My generation has grown up witnessing the results of hundreds of years of arrogant consumption, the proverbial settling of our debt to the natural world. Our farms and industries have stripped the nutrients from the soil, robbed the water from the ground, and stolen life from the vibrant places on the planet. Now is the time that we must reevaluate the ways we consume, grow our food, and build our buildings.
While I acknowledge the important role that new technologies and alternative energy sources play in our path towards a sustainable future, I believe it is critical not to confuse the development of these tools with the ultimate goal. It is dangerous to believe that meaningful change will happen simply through technological means without any significant change in the way we live.

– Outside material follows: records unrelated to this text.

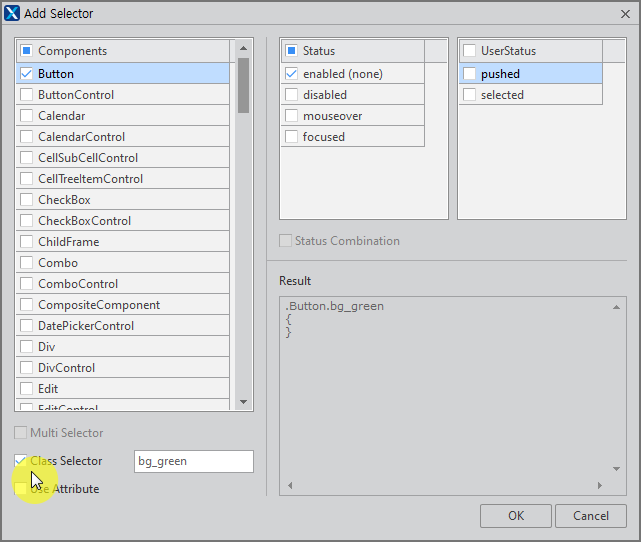 Select the component and state to which the style effect is to be applied in the Add Selector window.
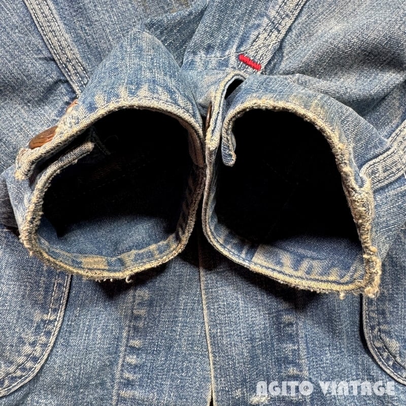 60年代頃のUnknown SANFORIZEDデニムカバーオールです。ヴィンテージカバーオールでは比較的よく見かけるのではないでしょうか。BLUE BELLやストア物でも使われている柄の入るボタンです。襟はシングルで、台襟仕様です。色残りは4割程でフロントや背面、袖先に擦れやダメージがいくつか見られます。どれも酷いダメージでは無いので簡易的なリペアさえしておけば長く着用していただけます。こちらもサイズ感は小さめで一つ前のBIG MAC同様に表記38のすっきりとした良いサイズです。色落ちの雰囲気も悪く無いので再zが合う方は是非この機会にいかがでしょうか。
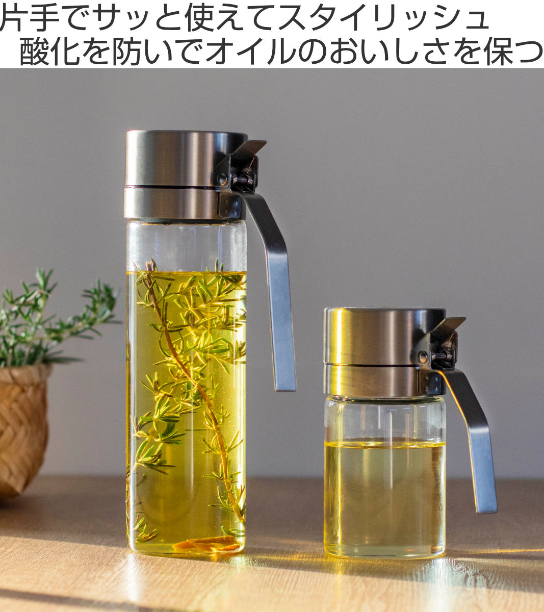 オイルの大敵である酸化を防いでくれる、ガラス製オイルボトルです。使い勝手抜群のスタイリッシュなデザインは、キッチンのみならず食卓でもデイリーに活躍。オイルの鮮度を保ち、毎日のおいしい食事をアシストします。

Everything we touch is connected to thousands of other systems through the invisible strings of finite supply. Pull too hard on anything, and it has real consequences for the people and ecosystems in another part of the world. By virtue of its ubiquitous presence, the built environment can be a means to teach better practices and provoke thought. The way that we design homes, offices and public spaces can inform the ways that people use energy or dispose of waste and must encourage humility and conscientiousness in each choice.
For everything we take we must give something back. The changes we push for in efficiency and performance and equity do make a difference, but the ability to change the daily actions of future generations in even tiny ways will ultimately make the biggest difference. Designers will play an important role in asking how we would like to live in the future and encouraging others to think about their own answers.